Apple, Amazon, Google, Microsoft and Meta all now use custom silicon that is optimized for their own software. Google’s processors are designed to run TensorFlow, its machine-learning software. Apple’s homemade chips are tuned to run its own software on the gadgets it makes. These firms partner with firms like Broadcom, an American chip company, to design these chips, and a foundry like TSMC to build them. Nvidia is the only one to have made a great business out of making AI chips for others—but this is in part because its chips are optimized for CUDA, its software platform, which has become an industry standard.

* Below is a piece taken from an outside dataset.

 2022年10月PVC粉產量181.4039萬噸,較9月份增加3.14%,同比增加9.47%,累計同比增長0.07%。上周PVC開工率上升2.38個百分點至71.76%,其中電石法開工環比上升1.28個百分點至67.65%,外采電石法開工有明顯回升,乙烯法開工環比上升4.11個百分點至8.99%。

Apple、Amazon、Google、Microsoft 和 Meta 现在都使用针对自己的软件进行了优化的定制芯片。Google 的处理器旨在运行其机器学习软件 TensorFlow。Apple 的自制芯片经过调整,可以在其生产的小工具上运行自己的软件。这些公司与美国芯片公司 Broadcom 等公司合作设计这些芯片,并与 TSMC 等代工厂合作制造这些芯片 。Nvidia 是唯一一家通过为他人制造 AI 芯片而取得巨大成就的公司,但这部分原因是其芯片针对其软件平台 CUDA 进行了优化,CUDA 已成为行业标准。

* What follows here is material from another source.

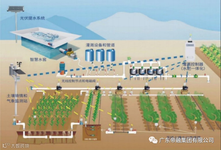 包括沟道坝蓄水工程、太阳能光伏提水系统、数字水窖、水肥一体化、爱农云管理平台。可以实时监测基地作物种植环境实现智能化、定时定量的灌溉,浸润作物根系发育生长区域,同时根据需肥规律情况进行不同生育期的需求设计,把水分养分定时定量按比例直接提供给作物。

According to BCG,a consultancy, between 2018 and 2023 the “big six” firms (the five tech giants plus Nvidia) accounted for roughly 60% of the value in the technology sector. But that will not slow innovation. This new world is even more inventive than the previous era that sparked the computer revolution. There are now so many more ways for computers to become better—through silicon cleverness, better packaging, innovative chip designs and new materials. It will be competitive in ways the Wintel world never could be, and may create things even more wonderful. A combination of silicon, dread and fierce belief are going to achieve even more in the next 70 years than they have in the past 70.
根据咨询公司 BCG 的数据,2018 年至 2023 年期间,“六大”公司(五大科技巨头加上英伟达)约占科技行业价值的 60%。但这不会减缓创新。这个新世界比引发计算机革命的上一个时代更具创造性。现在,计算机有更多方法可以变得更好 - 通过硅的智能、更好的封装、创新的芯片设计和新材料。它将以 Wintel 世界前所未有的方式具有竞争力,并且可能会创造更加精彩的事情。硅、恐惧和强烈信念的结合将在未来 70 年取得比过去 70 年更大的成就。